Crypto funds saw $1 billion in outflows at the end of last week, including $576 million in a single day, amid market jitters following a hawkish Fed stance.

Digital asset investment products recorded $308 million in inflows last week, but the week ended with $1 billion in outflows over the final two days, including $576 million on Dec. 19 alone, according to data collected by CoinShares.

In a Monday blog post, the Jersey-headquartered firm said the sharp outflows came after market reactions to the Federal Reserve’s hawkish stance.
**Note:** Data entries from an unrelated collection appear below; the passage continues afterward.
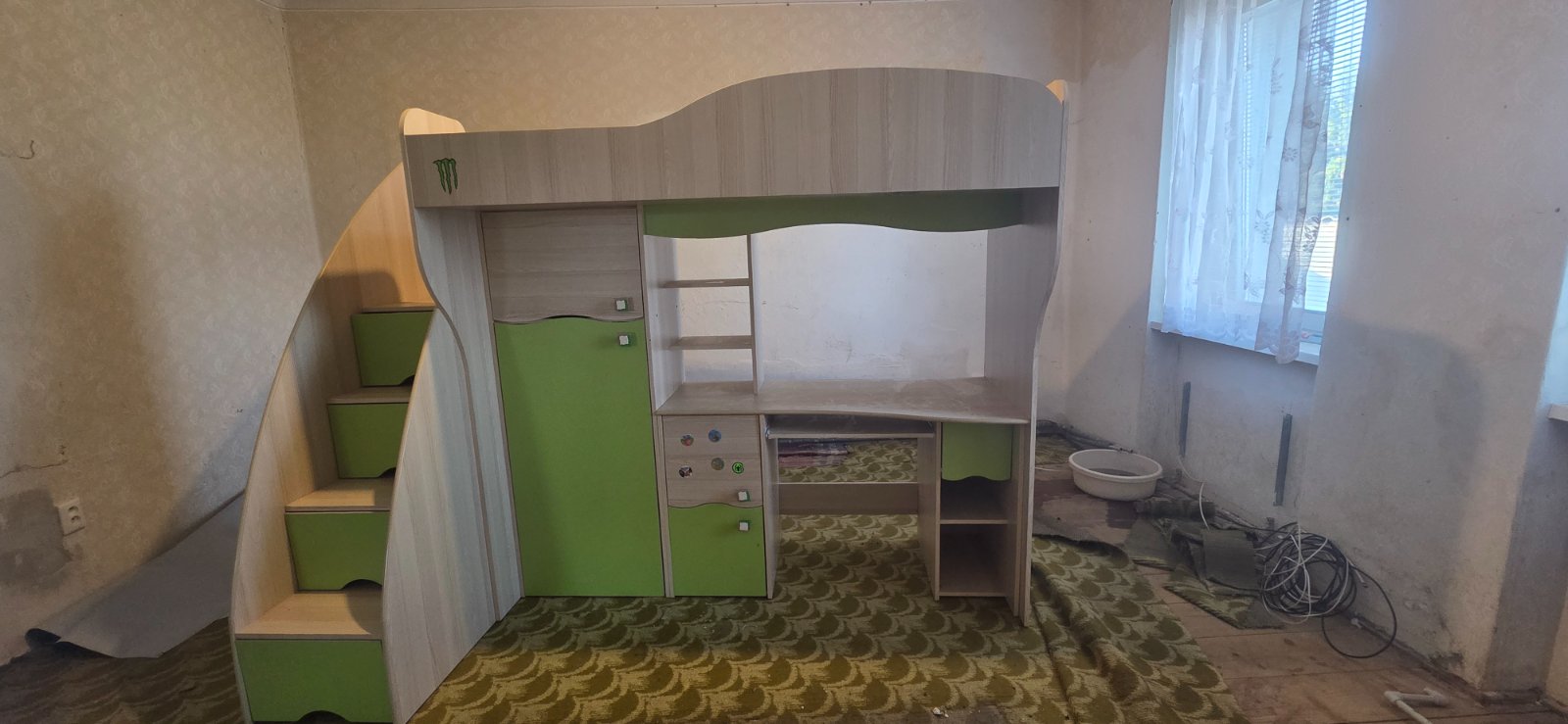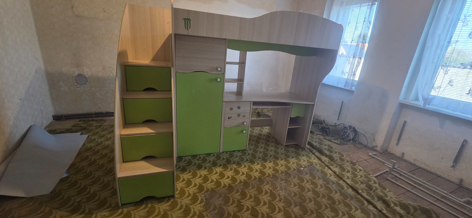 Predáme málo používanú detskú posteľ bez matraca v TOP stave...výška postele je 180cm, dĺžka 240cm, šírka pri schodoch 121cm a pri stolíku 76cm...
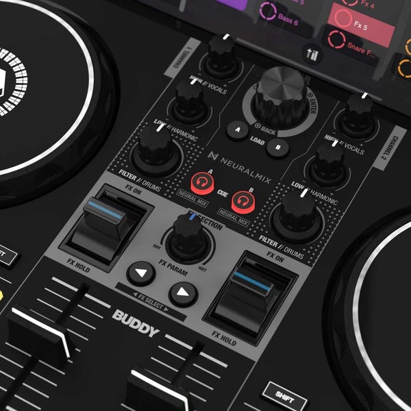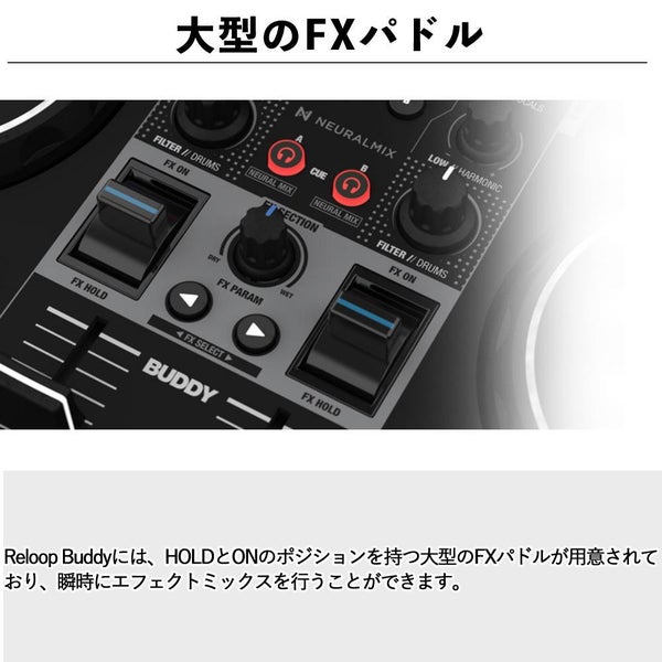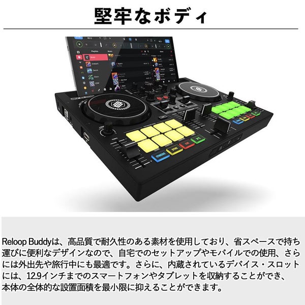 Reloop Buddyは、Algoriddim社との共同開発により、もはやスタンダードとなったDJアプリ「djay」との緊密な連携を実現した、コンパクトでパワフルなdjay専用2チャンネルDJコントローラーです。
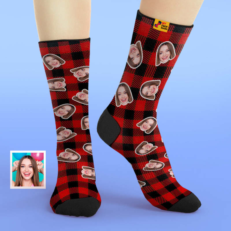 Custom Face Socks Add Pictures and Name Red Plaid Print Breathable Soft Socks
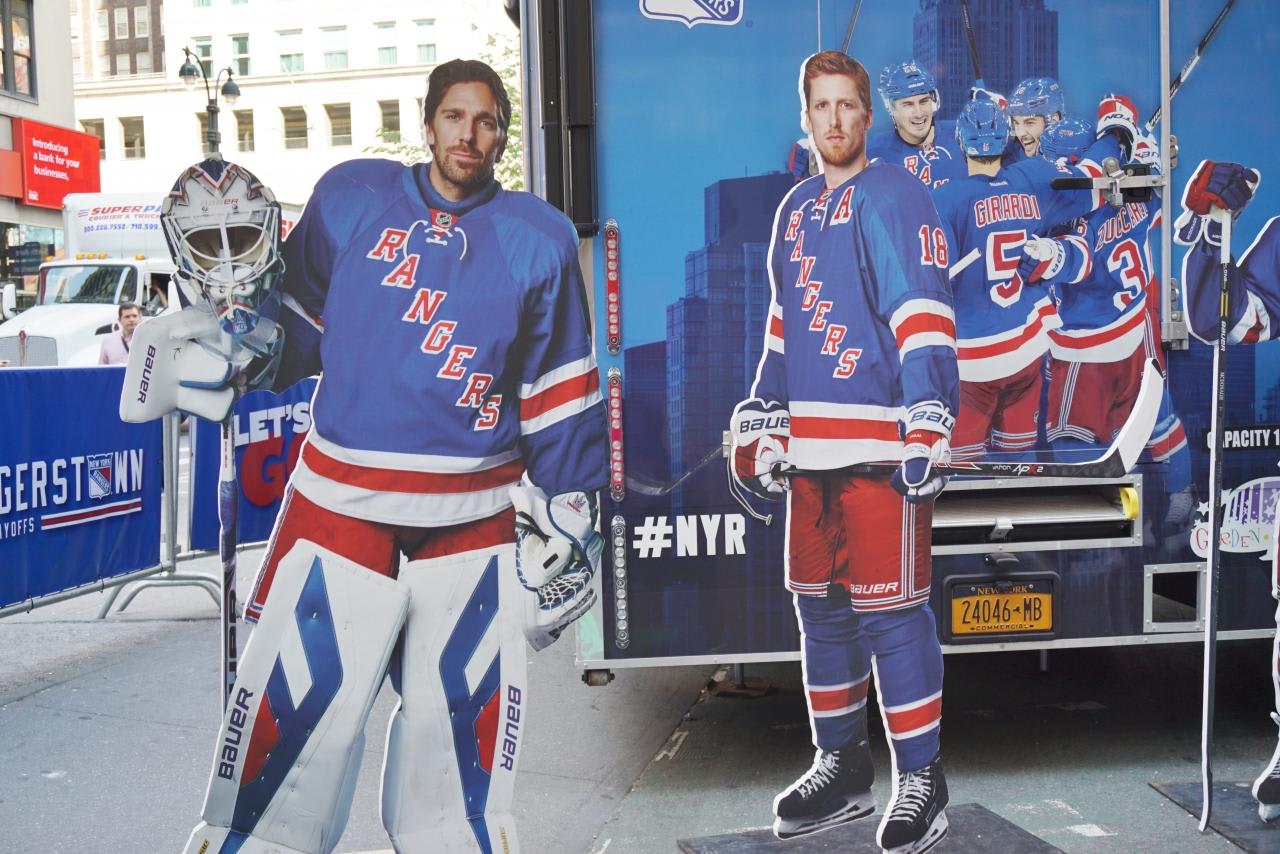ヘラルドスクエアではNYレンジャーズのパブリックビューイング。
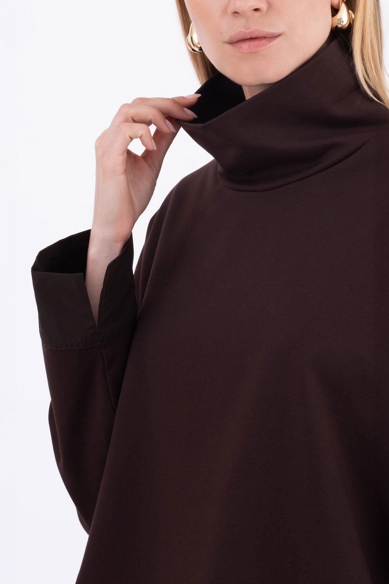Realizzata in punto Milano con inserti in taffetà, ha un fit boxy con collo alto morbido e spalla scesa che dona struttura e originalità al capo.

Total assets under management for digital asset exchange-traded products fell by $17.7 billion, representing a 0.37% decline in assets under management, marking the 13th largest single-day outflow on record, said CoinShares head of research James Butterfill.

Bitcoin (BTC) remained resilient, posting $375 million in net inflows for the week, while Ethereum (ETH) also saw $51 million in inflows, though this came at the expense of Solana, which recorded $8.7 million in outflows.

Multi-asset investment products faced the steepest losses, with $121 million in outflows. However, selective interest in altcoins persisted, with XRP ($8.8 million), Horizen ($4.8 million), and Polkadot ($1.9 million) showing positive inflows.

The outflows come as Bitcoin struggles staying above the $100,000 mark, falling in a moment below $95,000. According to CoinGlass, Bitcoin’s descent triggered a $1.4 billion mass liquidation event, wiping out leveraged long positions within 24 hours.